● What you need to do: Beginning with the line that holds "Danger! Pesticide storage sign.", retype the rest of the listing exactly, last line included.
[Stored data]
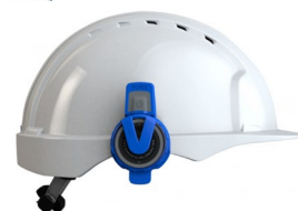
Above example of Plinx helmet
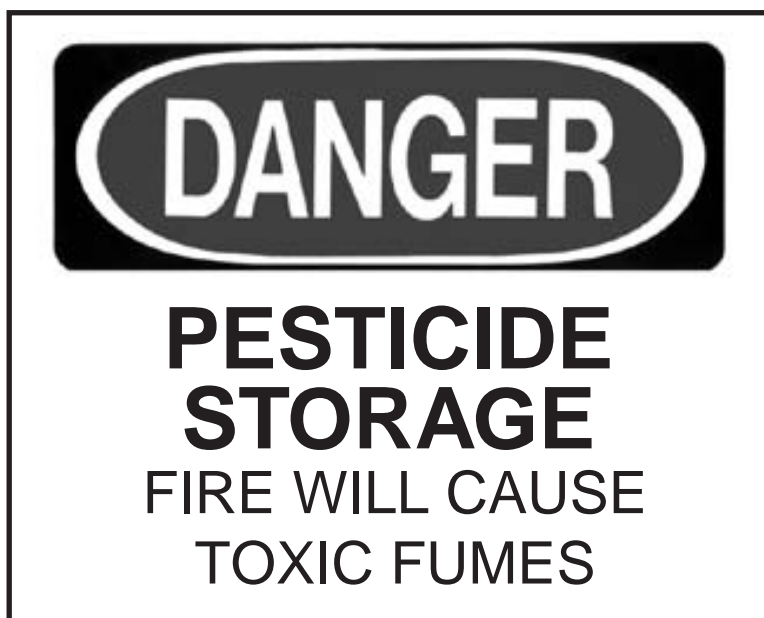
Danger! Pesticide storage sign.

Wooden pallets or metal shelves must be provided for storing granular and dry formulations packaged in sacks, fiber drums, boxes or other water-permeable containers. If metal pesticide containers are stored for a prolonged period, they should be placed on pallets, rather than directly on the floor, to help reduce potential corrosion and leakage.
[/Stored data]
● Output below:
Danger! Pesticide storage sign.

Wooden pallets or metal shelves must be provided for storing granular and dry formulations packaged in sacks, fiber drums, boxes or other water-permeable containers. If metal pesticide containers are stored for a prolonged period, they should be placed on pallets, rather than directly on the floor, to help reduce potential corrosion and leakage.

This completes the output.